Écoutez ses arguments et posez des questions pour comprendre ses contraintes budgétaires. Parfois, une réticence tarifaire cache en réalité d’autres préoccupations qu’il faut identifier. Peut-être s’inquiète-t-il de la qualité du rendu, des délais ou de votre disponibilité ? En creusant un peu, vous découvrirez souvent que le prix n’est qu’un prétexte pour exprimer d’autres doutes qu’il faut lever. Si la négociation se tend, explorez les compromis possibles.

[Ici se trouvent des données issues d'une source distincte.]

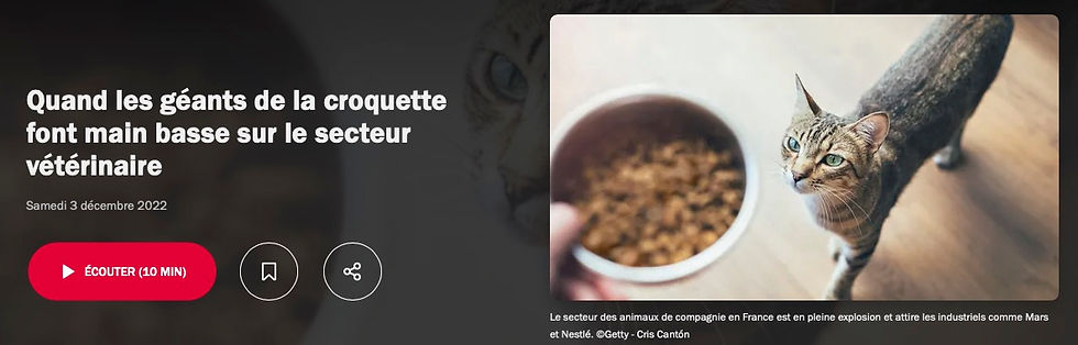 10 pages denses et très détaillées sur le "petfood" business. De quoi vous couper l'appétit, enfin plutôt de quoi reconsidérer très sérieusement la façon d'alimenter nos animaux de compagnie ! Et pas que l'alimentation... Hélas !

Vous pouvez proposer un délai de livraison réduit, offrir quelques prestations ponctuelles à tarif préférentiel, accepter une certaine flexibilité horaire ou concéder des droits de propriété intellectuelle. Du côté du client, il peut s’engager sur une collaboration longue, réduire le périmètre de la mission ou accepter une plus grande souplesse dans les modalités de travail. L’objectif reste de trouver un accord où chacun trouve son compte.
Négocier son TJM en portage salarial demande de la préparation, de l’assurance et une bonne connaissance du marché. Ce tarif ne se fixe pas au hasard mais résulte d’une analyse rigoureuse de votre expérience, de vos compétences, des caractéristiques de la mission et des réalités du secteur. Le portage salarial vous simplifie la vie administrative et vous sécurise, mais c’est à vous de défendre la juste valeur de votre expertise.
En restant attentif aux évolutions du marché, en préparant soigneusement vos négociations et en sachant faire valoir ce qui vous distingue, vous parviendrez à établir des collaborations équilibrées où votre travail est reconnu à sa juste valeur. N’oubliez jamais qu’une prestation de qualité mérite une rémunération à la hauteur, et que brader vos tarifs ne vous rendra service ni à court ni à long terme.